Each line below needs to be returned exactly. Skip any picture.

[[ PROVIDED ENTRIES, beginning ]]

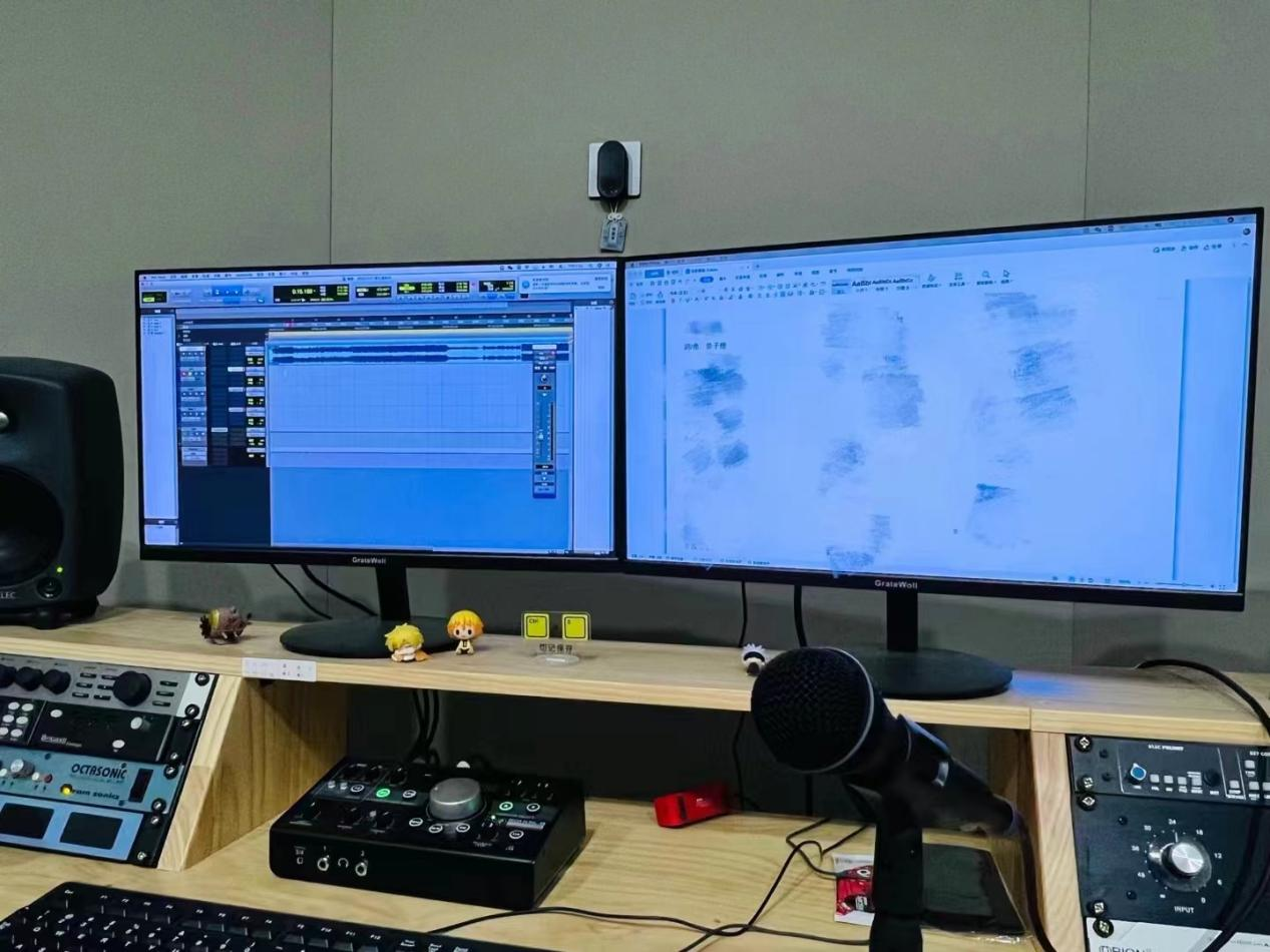 在创作完词曲之后,柴子楷同学奔波于南京和常州两地,一方面在老家寻觅童声演绎歌曲开篇,一方面在公司录音棚积极展开demo录制的配唱工作。在这首歌的编曲和录混过程中,柴子楷也结合了成为研究生以来学习的新技术和突破,在课余积极询问自己的专业导师给予歌曲意见,也跟辅导员老师、研究生会同学一起交流探讨。
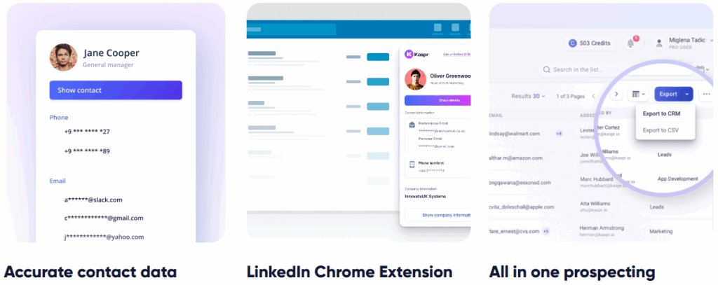 Kaspr’s lead generation and data automation tools can help you enhance your outreach efforts, so you can connect with more prospects and close deals faster.
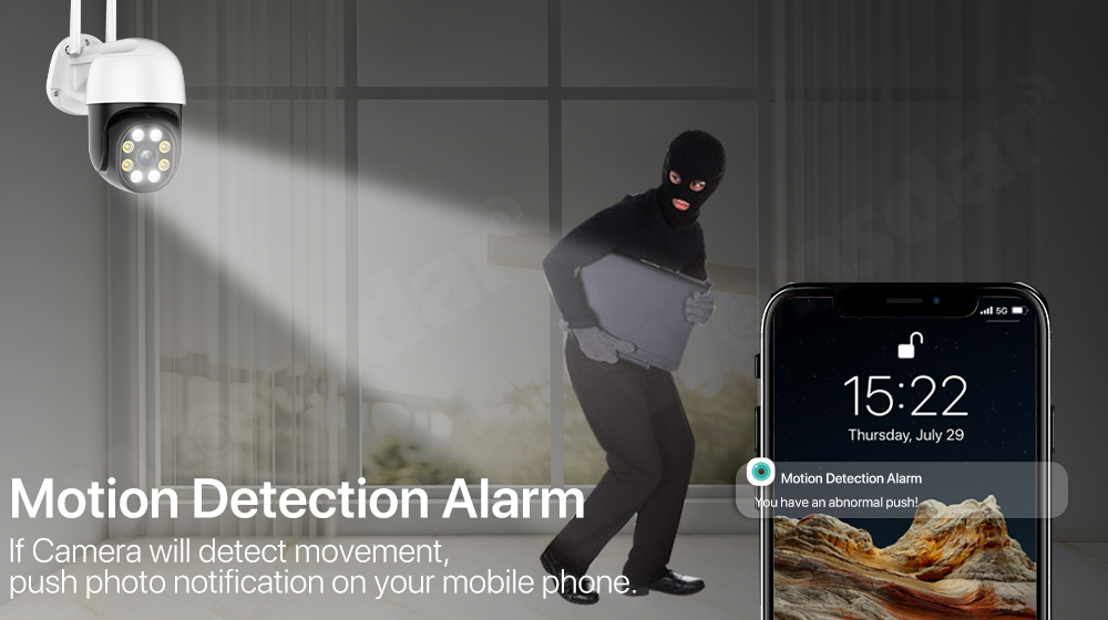 -Защитите свой дом каждый день, при обнаружении движения уведомление о тревоге будет быстро отправлено на ваш телефон.
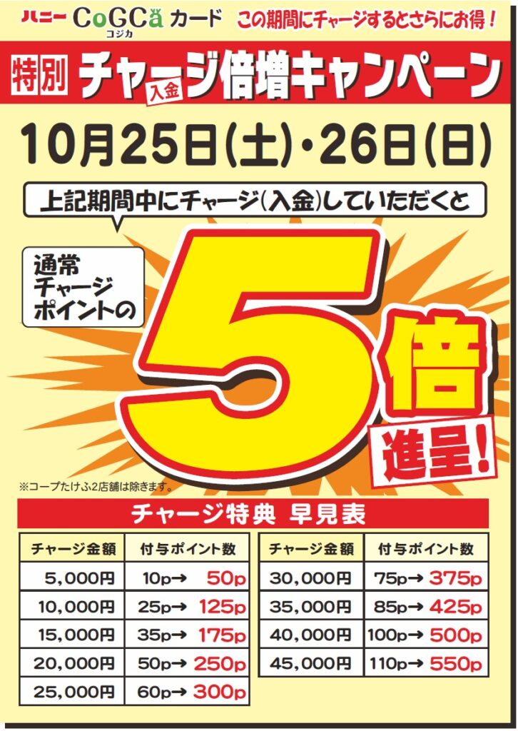 10月25日・26日〈特別コジカチャージ倍増キャンペーン5倍〉進呈
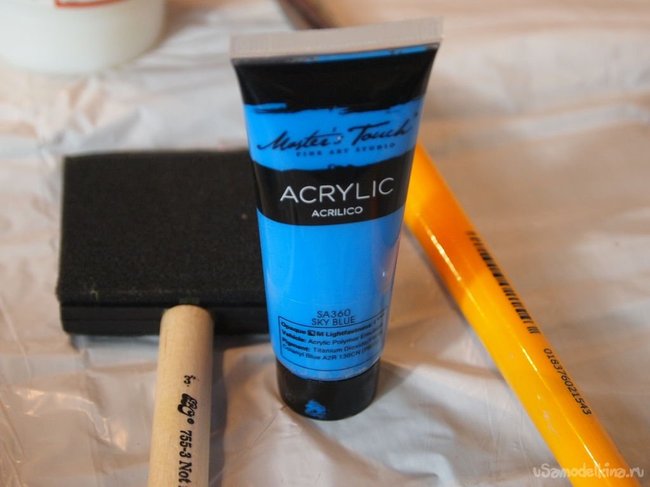 Кисточкой я прокрасил наружную сторону котодомика акриловой краской. Эта краска сохнет очень быстро, так что через несколько минут все было готово.

[[ PROVIDED ENTRIES, end ]]

* **SOLUTION BELOW**
 在创作完词曲之后,柴子楷同学奔波于南京和常州两地,一方面在老家寻觅童声演绎歌曲开篇,一方面在公司录音棚积极展开demo录制的配唱工作。在这首歌的编曲和录混过程中,柴子楷也结合了成为研究生以来学习的新技术和突破,在课余积极询问自己的专业导师给予歌曲意见,也跟辅导员老师、研究生会同学一起交流探讨。
 Kaspr’s lead generation and data automation tools can help you enhance your outreach efforts, so you can connect with more prospects and close deals faster.
 -Защитите свой дом каждый день, при обнаружении движения уведомление о тревоге будет быстро отправлено на ваш телефон.
 10月25日・26日〈特別コジカチャージ倍増キャンペーン5倍〉進呈
 Кисточкой я прокрасил наружную сторону котодомика акриловой краской. Эта краска сохнет очень быстро, так что через несколько минут все было готово.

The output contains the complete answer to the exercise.